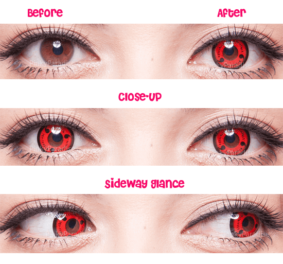 This colored contacts can be used as Cosplay Contacts for character Sasuke Uchiha, Itachi uchiha, Kakashi Hatake, Sarada Uchiha, NRT, Obito Uchiha, Madara Uchiha, Akatsuki, Shisui Uchiha and Izuna Uchiha.Lens Info
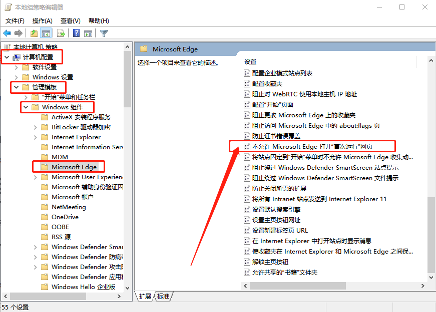 2、在本地组策略编辑器窗口左侧,依次展开:【计算机配置-管理模板-Windows组件-Microsoft Edge】,在窗口右侧找到并双击打开【不允许Microsoft Edge打开“首次运行”网页】
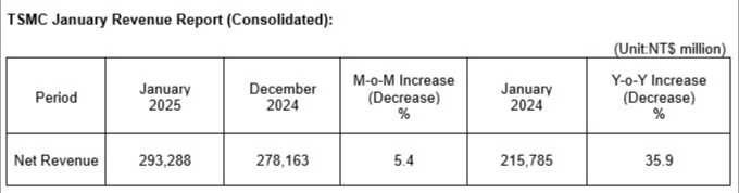 臺積電今日披露 1 月營收報告顯示,1 月臺積電合并營收約為 2932.88 億元新臺幣(IT之家備注:當前約 651.54 億元人民幣),環比增長 5.4%,同比增長 35.9%。

··········

EXERCISE PROMPT
Write out the material exactly as it stands, omitting every picture.

RESULT OF THIS EXERCISE
 This colored contacts can be used as Cosplay Contacts for character Sasuke Uchiha, Itachi uchiha, Kakashi Hatake, Sarada Uchiha, NRT, Obito Uchiha, Madara Uchiha, Akatsuki, Shisui Uchiha and Izuna Uchiha.Lens Info
 2、在本地组策略编辑器窗口左侧,依次展开:【计算机配置-管理模板-Windows组件-Microsoft Edge】,在窗口右侧找到并双击打开【不允许Microsoft Edge打开“首次运行”网页】
 臺積電今日披露 1 月營收報告顯示,1 月臺積電合并營收約為 2932.88 億元新臺幣(IT之家備注:當前約 651.54 億元人民幣),環比增長 5.4%,同比增長 35.9%。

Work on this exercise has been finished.